(PROBLEM DESCRIPTION)
The output should match, line for line, the records from the line containing "ごはんを食べる前に、茹でると" through the line containing "På resten af", with every picture left out.

(EXERCISE INPUTS)
+ + + +

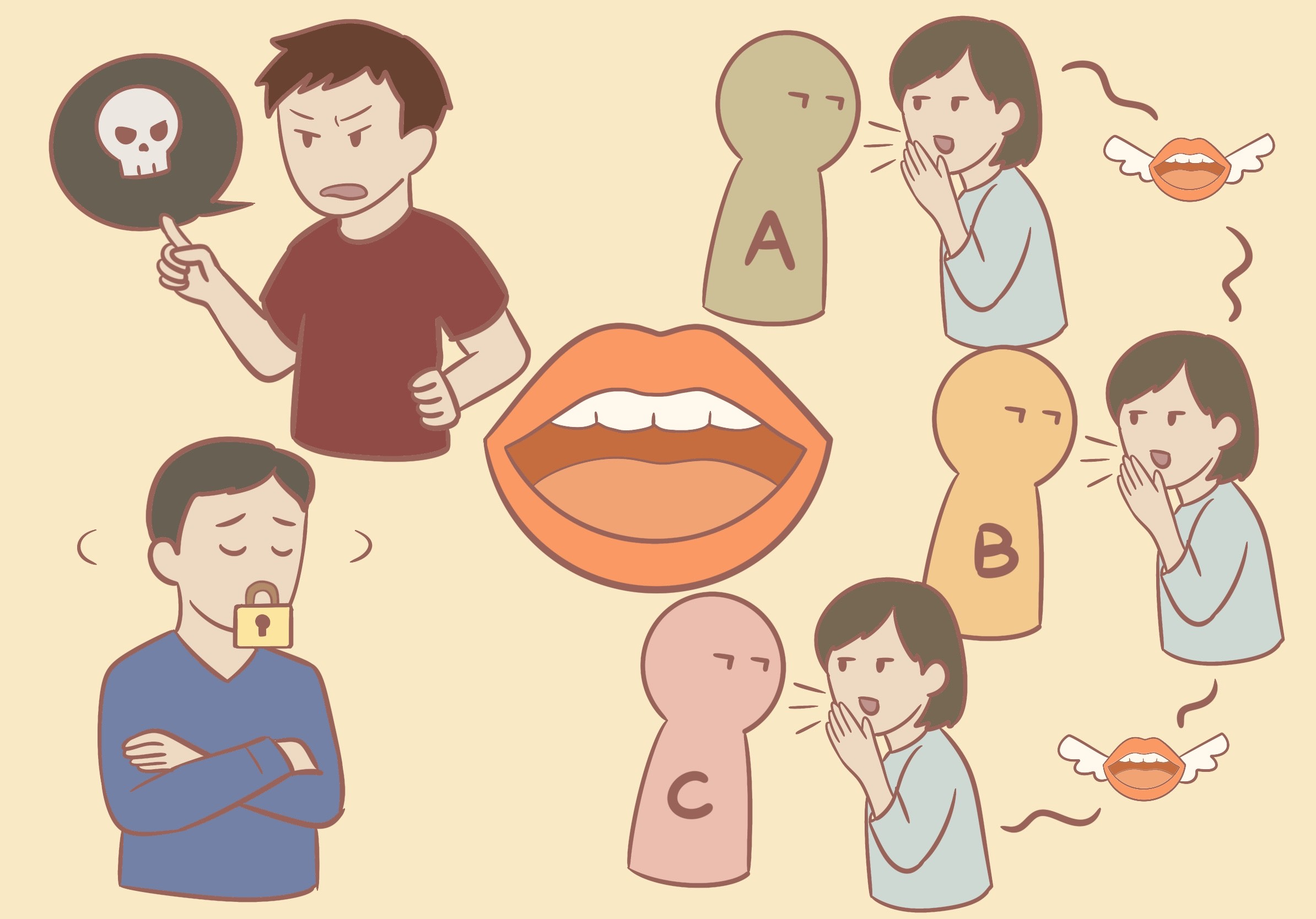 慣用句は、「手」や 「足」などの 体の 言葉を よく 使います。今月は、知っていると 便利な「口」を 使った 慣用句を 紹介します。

+ + + +

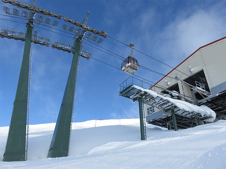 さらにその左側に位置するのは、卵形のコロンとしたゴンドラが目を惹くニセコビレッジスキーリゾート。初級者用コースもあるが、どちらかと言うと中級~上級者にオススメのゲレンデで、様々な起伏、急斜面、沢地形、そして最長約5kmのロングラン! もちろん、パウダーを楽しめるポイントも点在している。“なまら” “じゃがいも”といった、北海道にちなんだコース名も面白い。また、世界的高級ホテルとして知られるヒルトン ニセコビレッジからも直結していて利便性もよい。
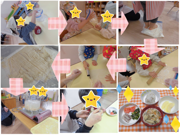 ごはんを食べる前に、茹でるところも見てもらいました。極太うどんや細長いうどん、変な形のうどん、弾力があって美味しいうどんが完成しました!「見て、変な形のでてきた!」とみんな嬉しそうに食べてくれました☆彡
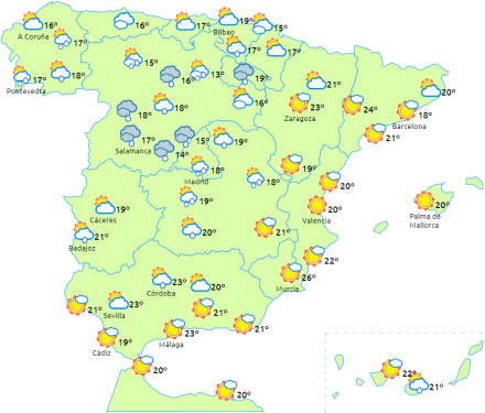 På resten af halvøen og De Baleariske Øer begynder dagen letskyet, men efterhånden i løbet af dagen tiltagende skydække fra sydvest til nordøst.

+ + + +

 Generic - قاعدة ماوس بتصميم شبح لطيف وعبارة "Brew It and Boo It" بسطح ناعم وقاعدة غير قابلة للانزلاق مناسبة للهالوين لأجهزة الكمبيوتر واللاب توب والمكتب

+ + + +

(RESPONSE FOR THIS EXERCISE)
 ごはんを食べる前に、茹でるところも見てもらいました。極太うどんや細長いうどん、変な形のうどん、弾力があって美味しいうどんが完成しました!「見て、変な形のでてきた!」とみんな嬉しそうに食べてくれました☆彡
 På resten af halvøen og De Baleariske Øer begynder dagen letskyet, men efterhånden i løbet af dagen tiltagende skydække fra sydvest til nordøst.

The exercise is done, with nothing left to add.